Morelia, Michoacán.- Presionados, para obtener recursos o por “nueva afinidad política”, hay alcaldes y diputados que electos por un instituto, que se amanecen en brazos de otro partido político, sin que el Instituto Nacional Electoral (INE) pueda hacer algo.
Los hay que han cambiado tantas veces de pellejo político, que se les bromea, y por quién vas a participar. Generalmente se les ve en el partido en turno.
Son muchos los que hicieron capital político en el PRI cuando dominaba, pasaron al PRD cuando tuvo posibilidades y ahora se dicen de Morena, y lo peor: mandan lodo, corajes y maldiciones a los partidos que van dejando, como forma de ganar “mayor credibilidad” donde llegan.
Para el vocal ejecutivo de la Junta Local del INE en Michoacán, David Alejandro Delgado Arroyo, el paso de frontera política es tema de relevancia, pero no existe información que precise por quién votan los ciudadanos: si por el candidato (alcalde o legislador) o por el partido que lo postuló.
No solo presidentes municipales, también síndicos, regidores y diputados cambian de filas partidistas abandonando al partido por el cual llegaron al poder, y a la postre se prestan a gobernar o legislar bajo otro emblema y hasta proyecto ajeno al que les cobijó.
El tema tiene dos puntos de vista de acuerdo con Delgado Arroyo: quienes lo toman como un derecho político de libertad de opinión y decisión, por parte de quienes –en el caso de los diputados– cambian de grupo parlamentario o se declaran independientes.
“Quienes se inclinan por esta opinión consideran que la población vota por la candidatura y no por el partido, lo que les da la fuerza para decidir lo que les interese”.
Aunque hay otras perspectivas que consideran que una representación cuenta con un mandato que le dio la votación, por lo que se vota más por partido que por la persona, o bien una votación de un personaje de ese mismo partido postula, y que su carisma hace que se vote por todos los que candidatee ese mismo partido al resto de los cargos.
“Quienes se inclinan por esta postura se considera un fraude al mandato popular. (Sin embargo) A la fecha, ninguna encuestadora ha dilucidado la fuerza que tiene votar por el partido o por la candidatura”, explicó.

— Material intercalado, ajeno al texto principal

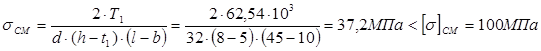 Проверяем шпонку, передающую крутящий момент от вала 2 на звездочку:

El tema viene a mención porque recientemente seis presidentes municipales que llegaron al gobierno en 2021 con los votos del Partido Encuentro Solidario (PES), en dos casos; uno del PRI, uno del PVEM, uno de Redes Sociales Progresistas y otro Fuerza por México, anunciaron su afiliación a Morena, y gobernarán la mayor parte de su mandato bajo líneas de un partido que no eligieron sus votantes.
Los chapulines políticos son cada vez más cosa común porque el partido que gana toma el control de los recursos y cierra la llave para la oposición, por lo que debe atenderse el tema con mecanismos que aseguren el reparto del dinero, estima un exconsejero político del PRD.
Cuando en Michoacán tomó fuerza Morena, allá se refugiaron de todos los colores políticos, sobre todo perredistas que estaban señalados por auditorías, tenían inhabilitaciones o proceso de deuda económica no aclarada, pero el nuevo manto protector también les representó purificación y en algunos casos los libró de la cárcel.
En el asunto, el INE no puede pronunciarse, porque se trata de una acción que se lleva a cabo fuera del proceso electoral, estableció David Alejandro Delgado. Admite que “sí es un tema relevante, pero deberíamos tener más datos objetivos como una encuesta, y derivado del resultado considerar la posibilidad de legislar”; la democracia se sigue construyendo había dicho previo.